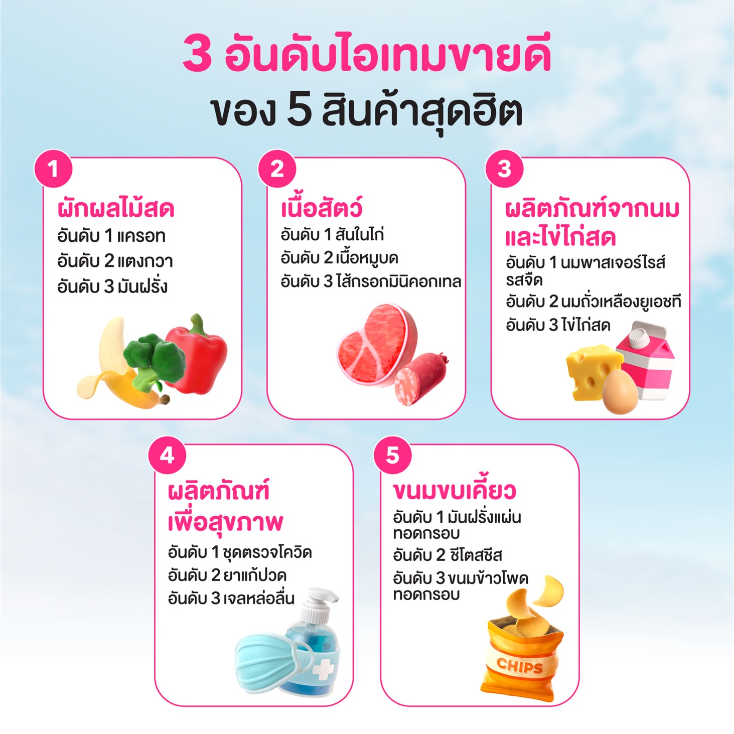 สิ่งที่น่าสนใจจากสถิติการสั่งสินค้าใน pandamart ตลอด 9 เดือนที่ผ่านมาก็คือ “ของสด” ที่ยังคงครองแชมป์สินค้าที่มียอดสั่งมากที่สุด ใน 5 หมวดหมู่ยอดนิยม สินค้าในกลุ่มของสดมีทั้งหมวดหมู่ “ผักผลไม้สด” “เนื้อสัตว์” และ “ผลิตภัณฑ์จากนมและไข่ไก่สด” โดยพฤติกรรมของลูกค้าในการสั่งซื้อของสดแบบเดลิเวอรี่ มีทั้งสั่งเพื่อใช้ประกอบอาหารในมื้อนั้น ๆ และซื้อติดตู้เย็นเอาไว้กินยามหิว เมื่อสังเกตจากพฤติกรรมผู้บริโภคจะเห็นว่าสินค้าในกลุ่มของสดยังมีโอกาสเติบโตต่อไปอีกมาก โดยเฉพาะในหมวดหมู่ “ผลิตภัณฑ์จากนมและไข่ไก่สด” มียอดสั่งซื้อสูงสุดในสินค้ากลุ่มของสด ซึ่งมีสินค้าขายดี 3 อันดับแรก คือ “นมพาสเจอร์ไรส์รสจืด” “นมถั่วเหลืองยูเอชที และไข่ไก่สด” รวมแล้วกว่า 60,000 รายการ (ในช่วงไตรมาส 1-3) ตามมาด้วยหมวดหมู่ “ผักผลไม้สด” ซึ่งมีสินค้าขายดี 3 อันดับแรก คือ “แครอท” “แตงกวา” และ “มันฝรั่ง” สำหรับหมวดหมู่ “เนื้อสัตว์” ที่ได้รับความนิยมเป็นอันดับ 3 ในกลุ่มของสด มีสินค้าขายดี 3 อันดับแรก คือ สันในไก่สด หมูบด และไส้กรอกมินิคอกเทล
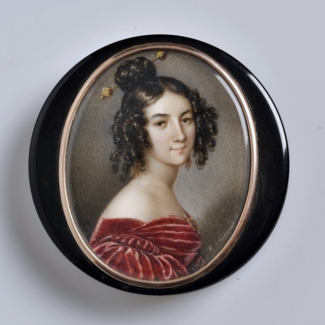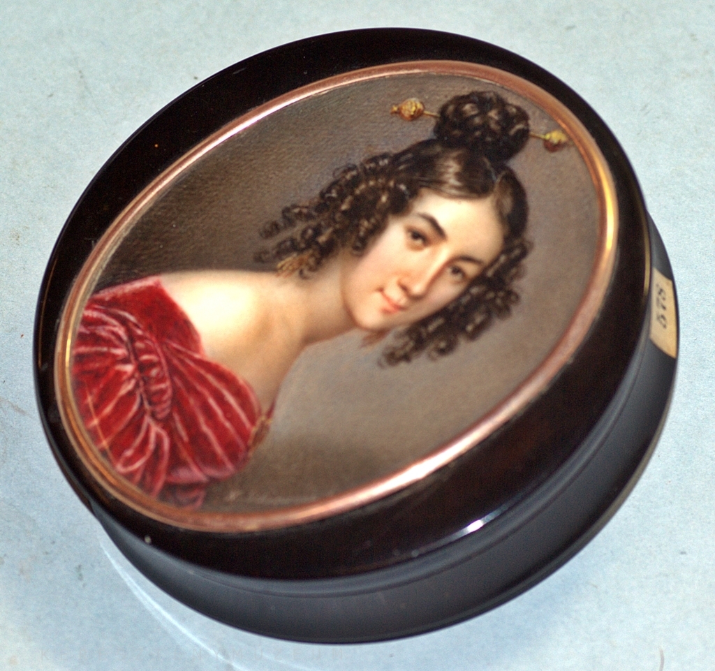 Két, kerek, fél-darabból álló dobozka fedőlapján ovális, fém keretben, pergamenre festett, fiatal nő mellképe.
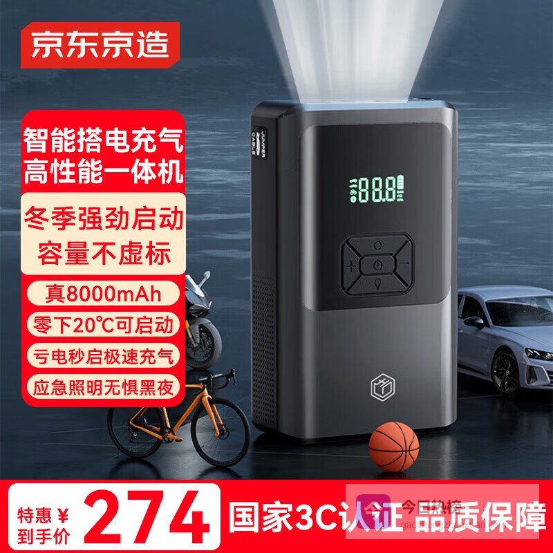 【京东自营】京东京造【3C认证】汽车应急启动电源充气泵一体机搭电宝电瓶充电器户外电源打气泵强启电源打¥
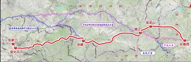 讨论中的具体路线走向有几个方案,这里介绍其一,即“张赤通长”方案。此方案中,高铁线路自张家口引出,经赤峰、通辽接入长春。该线路将新建线路约1037km,设计时速250公里,其中赤峰境内新建线路总长度约240公里。
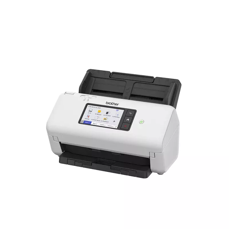 Brother ADS-4700W. Tamaño máximo de escaneado: 355.6 x 215.9 mm, Resolución óptica de escáner: 600 x 600 DPI, Resolución de escaneado mejorada: 1200 x 1200 DPI. Tipo de escaneado: ADF + Escáner de alimentación de hojas, Color del producto: Negro, Blanco, Pantalla: LCD. Tipo de sensor: Dual CIS, Ciclo de trabajo diario (máx.): 6000 páginas, Formatos de archivo para escaneo: JPEG, PDF, TIFF. Capacidad del alimentador automático de documentos: 80 hojas. Tamaño máximo de papel ISO A-series: A4, Tipos de media soportados de escaneo: Tarjeta de presentación, Papel normal, Tarjeta de plástico, Papel reciclado, Papel grueso, Papel..., Grosor del soporte (min): 0.08 mm
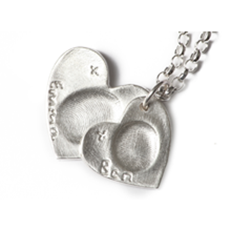 Double Pendants are great for two children or even just one child (‘fingerprint and x’ on top charm and name on bottom)!
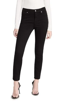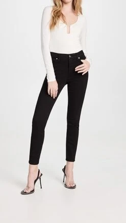 A cropped version of the brand’s signature Good Legs jeans. These Good American skinny jeans are a must-have style that are crafted with the same amazing recovery and retention that the full-length pair is known for. Pair yours back to easy slides and a white button down for a refreshed look.
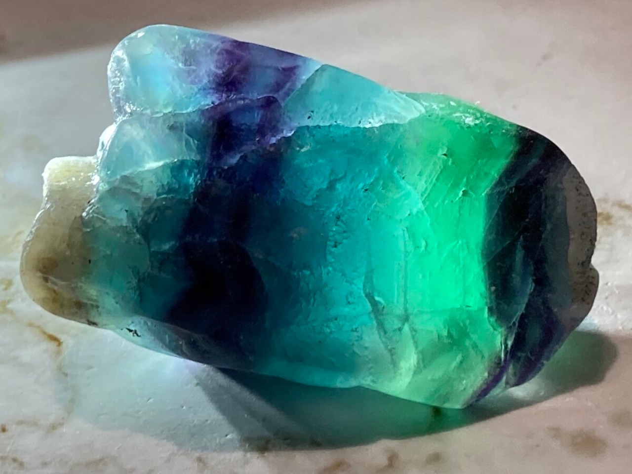 エメラルドグリーンとブルーのグラデーションが美しい、フローライトマルチカラーラフストーンです❁⃘*.゜
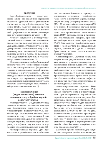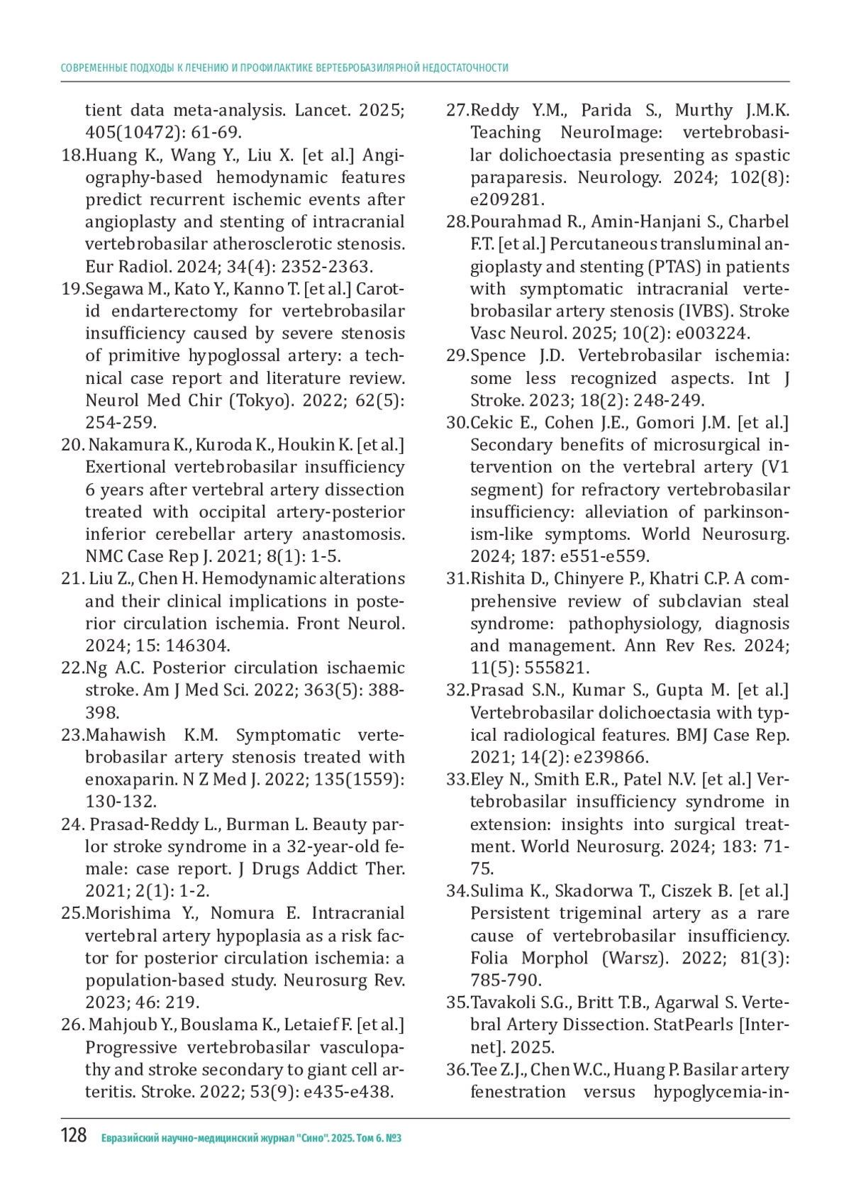 28. Pourahmad R., Amin-Hanjani S., Charbel F.T. [et al.] Percutaneous transluminal angioplasty and stenting (PTAS) in patients with symptomatic intracranial vertebrobasilar artery stenosis (IVBS). Stroke Vasc Neurol. 2025; 10(2): e003224.

> Activity
Please print the records above once more, word for word, omitting all pictures.

> Output
 สิ่งที่น่าสนใจจากสถิติการสั่งสินค้าใน pandamart ตลอด 9 เดือนที่ผ่านมาก็คือ “ของสด” ที่ยังคงครองแชมป์สินค้าที่มียอดสั่งมากที่สุด ใน 5 หมวดหมู่ยอดนิยม สินค้าในกลุ่มของสดมีทั้งหมวดหมู่ “ผักผลไม้สด” “เนื้อสัตว์” และ “ผลิตภัณฑ์จากนมและไข่ไก่สด” โดยพฤติกรรมของลูกค้าในการสั่งซื้อของสดแบบเดลิเวอรี่ มีทั้งสั่งเพื่อใช้ประกอบอาหารในมื้อนั้น ๆ และซื้อติดตู้เย็นเอาไว้กินยามหิว เมื่อสังเกตจากพฤติกรรมผู้บริโภคจะเห็นว่าสินค้าในกลุ่มของสดยังมีโอกาสเติบโตต่อไปอีกมาก โดยเฉพาะในหมวดหมู่ “ผลิตภัณฑ์จากนมและไข่ไก่สด” มียอดสั่งซื้อสูงสุดในสินค้ากลุ่มของสด ซึ่งมีสินค้าขายดี 3 อันดับแรก คือ “นมพาสเจอร์ไรส์รสจืด” “นมถั่วเหลืองยูเอชที และไข่ไก่สด” รวมแล้วกว่า 60,000 รายการ (ในช่วงไตรมาส 1-3) ตามมาด้วยหมวดหมู่ “ผักผลไม้สด” ซึ่งมีสินค้าขายดี 3 อันดับแรก คือ “แครอท” “แตงกวา” และ “มันฝรั่ง” สำหรับหมวดหมู่ “เนื้อสัตว์” ที่ได้รับความนิยมเป็นอันดับ 3 ในกลุ่มของสด มีสินค้าขายดี 3 อันดับแรก คือ สันในไก่สด หมูบด และไส้กรอกมินิคอกเทล
 Két, kerek, fél-darabból álló dobozka fedőlapján ovális, fém keretben, pergamenre festett, fiatal nő mellképe.
 【京东自营】京东京造【3C认证】汽车应急启动电源充气泵一体机搭电宝电瓶充电器户外电源打气泵强启电源打¥
 讨论中的具体路线走向有几个方案,这里介绍其一,即“张赤通长”方案。此方案中,高铁线路自张家口引出,经赤峰、通辽接入长春。该线路将新建线路约1037km,设计时速250公里,其中赤峰境内新建线路总长度约240公里。
 Brother ADS-4700W. Tamaño máximo de escaneado: 355.6 x 215.9 mm, Resolución óptica de escáner: 600 x 600 DPI, Resolución de escaneado mejorada: 1200 x 1200 DPI. Tipo de escaneado: ADF + Escáner de alimentación de hojas, Color del producto: Negro, Blanco, Pantalla: LCD. Tipo de sensor: Dual CIS, Ciclo de trabajo diario (máx.): 6000 páginas, Formatos de archivo para escaneo: JPEG, PDF, TIFF. Capacidad del alimentador automático de documentos: 80 hojas. Tamaño máximo de papel ISO A-series: A4, Tipos de media soportados de escaneo: Tarjeta de presentación, Papel normal, Tarjeta de plástico, Papel reciclado, Papel grueso, Papel..., Grosor del soporte (min): 0.08 mm
 Double Pendants are great for two children or even just one child (‘fingerprint and x’ on top charm and name on bottom)!
 A cropped version of the brand’s signature Good Legs jeans. These Good American skinny jeans are a must-have style that are crafted with the same amazing recovery and retention that the full-length pair is known for. Pair yours back to easy slides and a white button down for a refreshed look.
 エメラルドグリーンとブルーのグラデーションが美しい、フローライトマルチカラーラフストーンです❁⃘*.゜
 28. Pourahmad R., Amin-Hanjani S., Charbel F.T. [et al.] Percutaneous transluminal angioplasty and stenting (PTAS) in patients with symptomatic intracranial vertebrobasilar artery stenosis (IVBS). Stroke Vasc Neurol. 2025; 10(2): e003224.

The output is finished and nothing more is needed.